Blockchain for Banking News

JP Morgan talks blockchain payments

JP Morgan

At Sibos in Sydney, Emma Loftus, JP Morgan’s Head of Global Payments, talked about JP Morgan’s Interbank Information Network (IIN). The new blockchain platform uses the conventional correspondent banking system. So far 100 banks have indicated that they want to join the network, up from 75 just a few weeks ago (list of banks included).

No bank will have a relationship or account with every other bank in the world. Hence banks often have to route payments through go-between or correspondent banks. Blockchain innovations for bank-to-bank payments tend to fall into two groups. One set works with correspondent banks, the other tries to avoid them.

For example, VISA is close to launching B2B Connect which uses the VISA network to route payments instead of correspondent banking. Ripple has two solutions, one which uses the corresponding bank system and another which avoids it (XRapid).

Projects such as JP Morgan’s are trying to address the historical inefficiencies in the SWIFT system with its 11,000 banks. Before SWIFT gpi, once a payment was sent, a bank didn’t get much feedback. If there were inquiries or problems, then banks had to call each other, including any in-between correspondent banks. It appears that gpi doesn’t yet offer as much functionality as JP Morgan is looking for.

Pain points

“What we were looking at with cross-border payments were areas of friction where we could apply blockchain technology to help expedite and eliminate that friction in payments,” Loftus told Sibos TV. “We launched IIN as a pilot in 2017, focused on compliance inquiries.” That’s because compliance inquiries and filtering transactions to be able to comply with regulatory obligations such as anti-money laundering (AML) can take 2-16 days.

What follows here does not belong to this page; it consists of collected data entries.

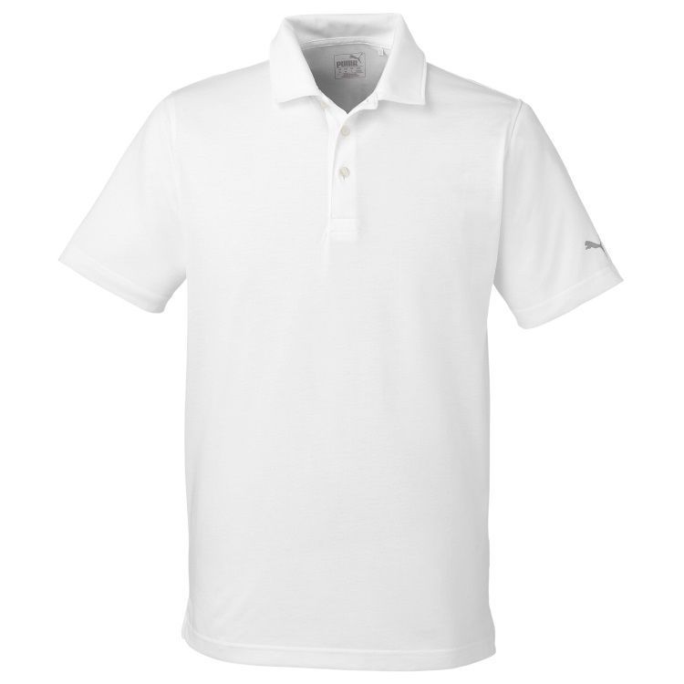 Puma Golf men's fusion polo in poly cotton wicking fabric with a subtle heather textured fabric. Puma Golf 596920 polo has a 3 button placket, ultra soft feel, mechanical stretch and Puma Golf logo on the left sleeve. Prices include custom logo embroidery.
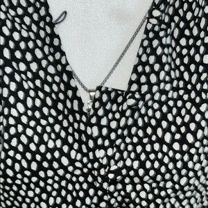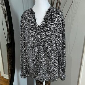 Stylish black and white polka dot blouse. Perfect for any occasion.
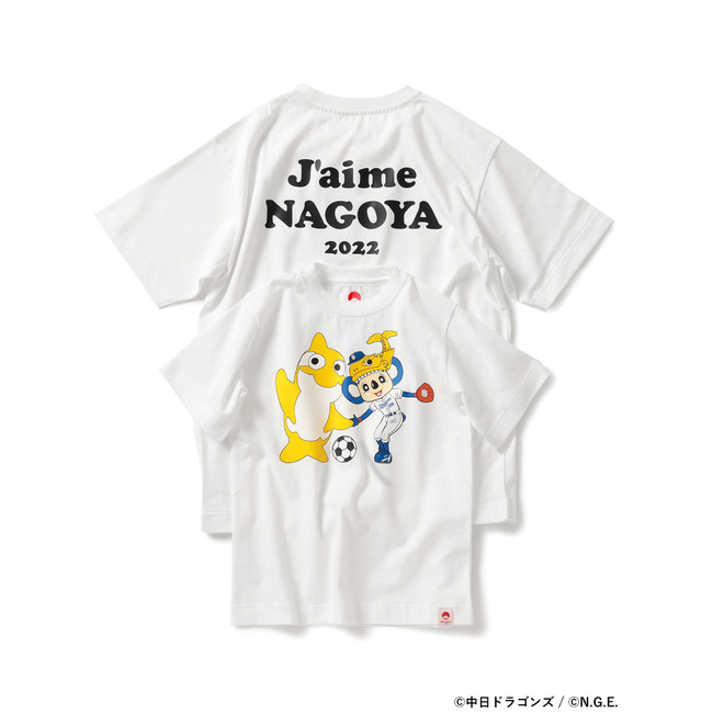名古屋を代表する大人気キャラクターの2人が、金鯱姿のスペシャル衣装を身にまとい、手を取り合って「大名古屋展2022」を盛り上げます。バックプリントには、名古屋市とランス市が姉妹都市提携5周年である事を記念して、フランス語で「なごやだいすき」と入れています。
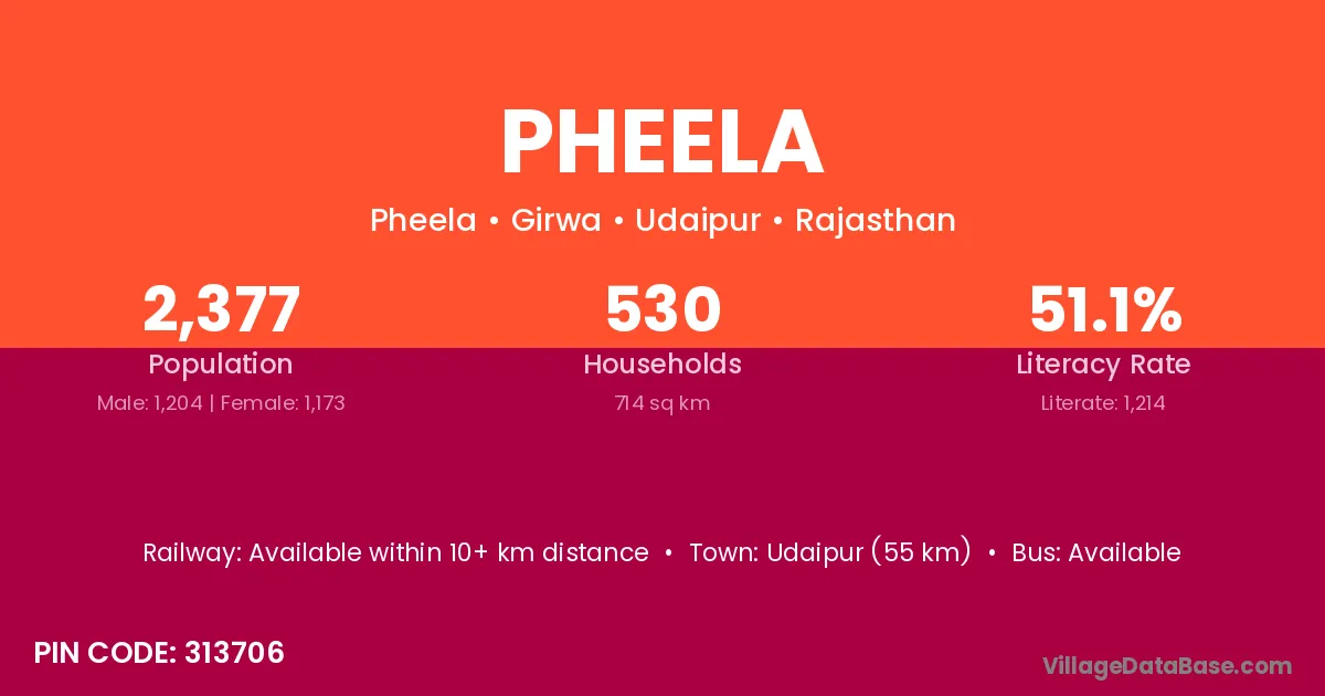 Udaipur (55 km) is the nearest town to Pheela village for major economic activities and is located approximately 55 km away.

“It’s a secure blockchain network where we exchange data associated with compliance inquiries through the blockchain network, sequentially in a secure manner.”

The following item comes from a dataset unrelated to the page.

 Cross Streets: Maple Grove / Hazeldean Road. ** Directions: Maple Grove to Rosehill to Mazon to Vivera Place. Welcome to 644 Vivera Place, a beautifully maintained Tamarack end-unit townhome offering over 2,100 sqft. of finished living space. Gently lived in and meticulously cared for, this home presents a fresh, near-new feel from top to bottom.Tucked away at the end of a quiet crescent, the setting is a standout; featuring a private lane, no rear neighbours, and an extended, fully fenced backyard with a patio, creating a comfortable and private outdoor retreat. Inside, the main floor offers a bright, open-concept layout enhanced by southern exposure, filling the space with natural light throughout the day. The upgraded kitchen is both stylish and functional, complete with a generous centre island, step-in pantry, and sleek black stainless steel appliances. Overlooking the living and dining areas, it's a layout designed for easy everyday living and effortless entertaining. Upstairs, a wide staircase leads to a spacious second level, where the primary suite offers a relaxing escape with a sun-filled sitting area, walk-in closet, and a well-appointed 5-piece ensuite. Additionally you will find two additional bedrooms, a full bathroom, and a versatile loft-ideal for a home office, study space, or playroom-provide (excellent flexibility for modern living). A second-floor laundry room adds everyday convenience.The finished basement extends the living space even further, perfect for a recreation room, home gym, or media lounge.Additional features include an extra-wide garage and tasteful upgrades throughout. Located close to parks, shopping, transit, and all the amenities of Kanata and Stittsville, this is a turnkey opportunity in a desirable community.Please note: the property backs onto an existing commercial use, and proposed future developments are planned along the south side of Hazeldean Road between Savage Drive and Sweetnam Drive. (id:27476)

Discussing the benefits for corporate clients, Loftus said: “What we were trying to prove is ‘does it speed things up?’. You would think if the technology actually works that would be a better experience for everyone. And we’ve proven it.”

The compliance inquiries typically look for three pieces of information: name, date of birth and address. Transactions get filtered against AML blacklists. The problem arises when a payment is mistakenly flagged as a false positive, which requires additional checking. Linking all the parties via a blockchain avoids the back and forth of parties needing to contact each other because the data is on the blockchain. So instead of days to resolve an issue, it takes a matter of minutes.

Loftus views this as a great example of how banks can innovate. “It’s an opportunity to apply new technology and new thinking to business problems that banks understand very very well. We have the expertise. We understand how to apply the technology.”

“The way correspondent banking and payments has evolved over the years has really been the result of the existing technology capabilities that were available. Blockchain for us is very exciting because the old sequential way of exchanging information from party to party and bank to bank has now connected all of those parties.”

The future

Other use cases under consideration include using blockchain for payments fraud to verify whether a transaction is valid or not. Additionally, they could use the network for finding the optimal route to the destination bank regarding speed and cost.

“Payments for us is core business. So what we’re doing in applying innovation to payments at the firm is protecting that core competence and actually leveraging that and transforming that ourselves,” concluded Loftus. “So you can expect more particularly in the payment space.”

And likely a lot more. On Friday the bank announced that it’s building a 1,000 person office in Silicon Valley which initially will house recent acquisition WePay.